Whilst this new revolution was making headlines Kathy and I decided that it was time for us to take the plunge by leaving Wedmore Road and start looking for our own property. It wasn’t long before we found one which looked suitable. It was a two bedroomed mid terraced house in Bedford Road, Ruislip Gardens. It was priced at £2,750, a sum which at that time was beyond our means unless I took out a mortgage. It was fortunate for us that Shell had a Mortgage arrangement scheme with the Halifax Building Society whereby Shell Employees could obtain a mortgage without the having to pay a deposit first. This meant that I was able to obtain a one hundred percent mortgage loan for the whole £2,750 asking price of the house. This loan required a repayment of £15 per month which was a lot of money out of my monthly income at that time. Many of my work colleagues thought it a bit reckless on my part but after much financial deliberation on our part, which was helped by my brother Bernards advice telling us that it was generally accepted that putting money into bricks and mortar was a good investment, we went ahead and bought our first house.

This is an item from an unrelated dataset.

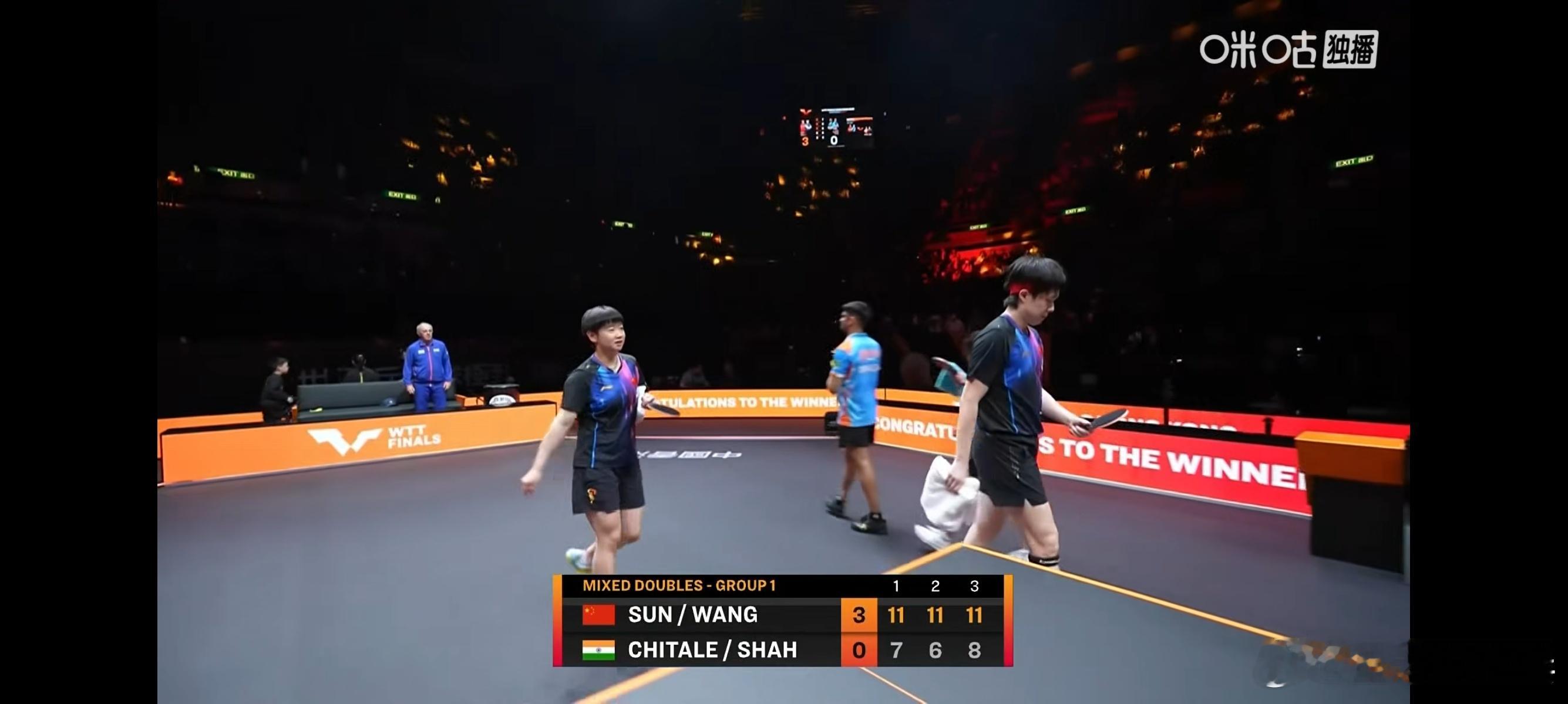 王楚钦孙颖莎vs沙奇塔莱 2025WTT香港总决赛混双第一阶段循环赛第一组:王楚钦/孙颖莎3-0玛纳什·沙/奇塔莱,比分:11-7,11-6,11-8。

 The layout of this house comprised of two medium sized bedrooms, a similar size lounge with wood block flooring, patio doors leading out to a back garden lawned with flower borders on either side. The garden was fenced on both sides and at the back, there was a paved car parking area which could be accessed from a back alleyway entrance from the road. The kitchen was of a reasonable size with a coal/coke burning boiler supplying the hot water, a good sized larder, the usual sink, cooking facilities, and storage cupboards were all there plus the back door leading out to the garden. To complete the description there were stairs leading to the landing and the two bedrooms plus bathroom and toilet.

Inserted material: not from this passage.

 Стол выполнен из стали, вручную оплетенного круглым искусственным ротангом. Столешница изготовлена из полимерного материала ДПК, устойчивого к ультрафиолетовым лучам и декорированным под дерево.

Whilst such a house was small and somewhat lacking in luxuries it was ours and we were very excited and happy to move in. Bedford Road was a long road with many similarly designed houses in it and ours, number 62, was roughly halfway down it. It was no distance for me to walk down to Ruislip Gardens Underground station for my daily commute to work. Shopping facilities were a bus ride away in Ruislip or nearly Ruislip Manor. Likewise, we were also only a short car ride from Greenford and visiting Dad which was also convenient.  We were also lucky that our neighbors were pleasant and fortunately they also had a baby boy of similar age to Chris. We settled in and gradually when time and finances allowed started to make some alterations to one or two rooms by decorating and painting etc. It was a labor of love and very satisfying. Another thing we did was buy two bicycles, one for Kathy and one for me to which I fixed a safety seat behind my saddle for Chris to sit on. With a haversack containing some refreshments upon my back and Chris safely strapped into his back seat the three of us would ride off beyond the blue (sometimes!) horizon. The only downside to this was that sometimes Chris got a little too excited on the back and would kick his shoes off bringing our convoy to a grinding halt for the necessary replacement of the said shoes.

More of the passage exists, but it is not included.